Material for this exercise:
══════════
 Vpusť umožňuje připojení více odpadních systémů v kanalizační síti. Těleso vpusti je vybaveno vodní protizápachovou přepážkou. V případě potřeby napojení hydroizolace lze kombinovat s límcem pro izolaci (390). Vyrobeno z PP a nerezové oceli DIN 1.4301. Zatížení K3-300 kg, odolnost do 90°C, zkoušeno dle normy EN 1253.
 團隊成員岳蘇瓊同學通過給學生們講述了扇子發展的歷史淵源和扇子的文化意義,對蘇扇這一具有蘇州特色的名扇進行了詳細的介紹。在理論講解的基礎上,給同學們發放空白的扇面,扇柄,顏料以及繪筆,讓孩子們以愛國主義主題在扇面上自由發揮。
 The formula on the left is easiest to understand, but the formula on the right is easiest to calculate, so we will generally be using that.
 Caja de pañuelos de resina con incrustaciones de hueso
══════════
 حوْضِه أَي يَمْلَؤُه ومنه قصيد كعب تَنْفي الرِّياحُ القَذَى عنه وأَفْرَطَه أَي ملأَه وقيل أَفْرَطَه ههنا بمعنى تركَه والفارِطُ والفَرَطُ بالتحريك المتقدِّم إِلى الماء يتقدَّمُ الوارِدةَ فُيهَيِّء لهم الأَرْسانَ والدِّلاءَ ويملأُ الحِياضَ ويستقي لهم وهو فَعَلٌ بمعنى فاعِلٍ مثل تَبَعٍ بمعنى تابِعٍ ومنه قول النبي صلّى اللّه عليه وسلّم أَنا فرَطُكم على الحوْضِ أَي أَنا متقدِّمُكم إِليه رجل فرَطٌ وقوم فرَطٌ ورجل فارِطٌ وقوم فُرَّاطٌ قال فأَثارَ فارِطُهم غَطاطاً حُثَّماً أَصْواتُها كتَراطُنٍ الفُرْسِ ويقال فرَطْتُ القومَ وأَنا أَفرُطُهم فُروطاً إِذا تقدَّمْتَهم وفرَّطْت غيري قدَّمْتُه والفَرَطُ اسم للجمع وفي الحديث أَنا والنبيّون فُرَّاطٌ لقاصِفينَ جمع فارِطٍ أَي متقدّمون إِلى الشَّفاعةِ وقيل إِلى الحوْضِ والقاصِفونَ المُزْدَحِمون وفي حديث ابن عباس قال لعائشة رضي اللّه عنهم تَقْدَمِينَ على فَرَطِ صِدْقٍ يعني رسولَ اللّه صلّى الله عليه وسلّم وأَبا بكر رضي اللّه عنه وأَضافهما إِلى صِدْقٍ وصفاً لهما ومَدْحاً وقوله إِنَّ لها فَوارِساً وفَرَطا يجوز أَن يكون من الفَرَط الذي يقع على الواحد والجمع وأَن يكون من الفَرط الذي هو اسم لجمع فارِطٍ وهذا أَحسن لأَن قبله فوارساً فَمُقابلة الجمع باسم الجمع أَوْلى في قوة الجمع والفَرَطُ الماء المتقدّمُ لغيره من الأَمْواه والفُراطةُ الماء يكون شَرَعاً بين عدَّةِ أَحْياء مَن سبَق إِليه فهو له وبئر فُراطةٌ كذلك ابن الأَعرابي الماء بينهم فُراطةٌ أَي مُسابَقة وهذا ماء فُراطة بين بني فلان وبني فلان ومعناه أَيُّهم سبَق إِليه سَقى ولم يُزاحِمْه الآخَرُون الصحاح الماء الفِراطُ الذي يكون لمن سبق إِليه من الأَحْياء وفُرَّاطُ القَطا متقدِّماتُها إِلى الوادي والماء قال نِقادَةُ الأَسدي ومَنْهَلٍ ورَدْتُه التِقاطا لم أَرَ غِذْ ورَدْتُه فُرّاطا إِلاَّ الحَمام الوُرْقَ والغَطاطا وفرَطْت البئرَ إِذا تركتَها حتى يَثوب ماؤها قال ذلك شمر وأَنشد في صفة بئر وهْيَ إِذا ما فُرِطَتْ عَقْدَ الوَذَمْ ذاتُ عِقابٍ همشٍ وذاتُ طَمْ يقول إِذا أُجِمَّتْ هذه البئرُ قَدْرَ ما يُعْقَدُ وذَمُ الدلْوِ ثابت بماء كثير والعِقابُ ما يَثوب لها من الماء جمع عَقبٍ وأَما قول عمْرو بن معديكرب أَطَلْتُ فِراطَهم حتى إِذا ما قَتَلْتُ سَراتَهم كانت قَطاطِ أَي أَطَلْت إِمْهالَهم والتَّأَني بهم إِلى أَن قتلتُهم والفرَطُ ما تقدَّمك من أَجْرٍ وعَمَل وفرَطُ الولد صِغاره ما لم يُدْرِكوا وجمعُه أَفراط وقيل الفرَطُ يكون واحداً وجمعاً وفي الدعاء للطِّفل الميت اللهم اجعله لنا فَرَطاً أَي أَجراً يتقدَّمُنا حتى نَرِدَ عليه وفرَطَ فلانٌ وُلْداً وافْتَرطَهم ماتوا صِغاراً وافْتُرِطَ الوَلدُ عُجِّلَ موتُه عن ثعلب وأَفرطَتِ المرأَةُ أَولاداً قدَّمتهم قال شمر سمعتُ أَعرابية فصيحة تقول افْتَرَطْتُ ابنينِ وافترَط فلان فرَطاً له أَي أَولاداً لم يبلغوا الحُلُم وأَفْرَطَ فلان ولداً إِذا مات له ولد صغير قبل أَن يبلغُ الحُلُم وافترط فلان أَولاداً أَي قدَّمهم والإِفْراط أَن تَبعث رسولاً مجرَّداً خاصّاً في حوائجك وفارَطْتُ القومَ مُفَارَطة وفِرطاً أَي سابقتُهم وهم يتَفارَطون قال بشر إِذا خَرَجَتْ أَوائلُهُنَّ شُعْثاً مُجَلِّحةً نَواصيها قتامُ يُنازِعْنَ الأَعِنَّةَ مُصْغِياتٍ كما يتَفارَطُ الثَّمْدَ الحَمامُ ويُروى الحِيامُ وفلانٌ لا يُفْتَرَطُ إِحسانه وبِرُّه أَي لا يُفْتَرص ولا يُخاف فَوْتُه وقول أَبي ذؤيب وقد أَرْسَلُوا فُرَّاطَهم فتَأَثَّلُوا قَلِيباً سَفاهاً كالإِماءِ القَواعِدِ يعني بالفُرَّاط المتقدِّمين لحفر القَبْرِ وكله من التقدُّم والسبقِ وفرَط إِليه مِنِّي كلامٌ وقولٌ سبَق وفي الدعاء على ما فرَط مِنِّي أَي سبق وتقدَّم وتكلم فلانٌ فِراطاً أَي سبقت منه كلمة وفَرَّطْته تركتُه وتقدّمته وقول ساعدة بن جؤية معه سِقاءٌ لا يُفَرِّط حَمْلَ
══════════
What this task involves: When you reach the line holding "團隊成員岳蘇瓊同學通過給學生" in the records above, begin reproducing exactly, stop after the line holding "Caja de pañuelos", and output nothing else.

Answer to this problem:
 團隊成員岳蘇瓊同學通過給學生們講述了扇子發展的歷史淵源和扇子的文化意義,對蘇扇這一具有蘇州特色的名扇進行了詳細的介紹。在理論講解的基礎上,給同學們發放空白的扇面,扇柄,顏料以及繪筆,讓孩子們以愛國主義主題在扇面上自由發揮。
 The formula on the left is easiest to understand, but the formula on the right is easiest to calculate, so we will generally be using that.
 Caja de pañuelos de resina con incrustaciones de hueso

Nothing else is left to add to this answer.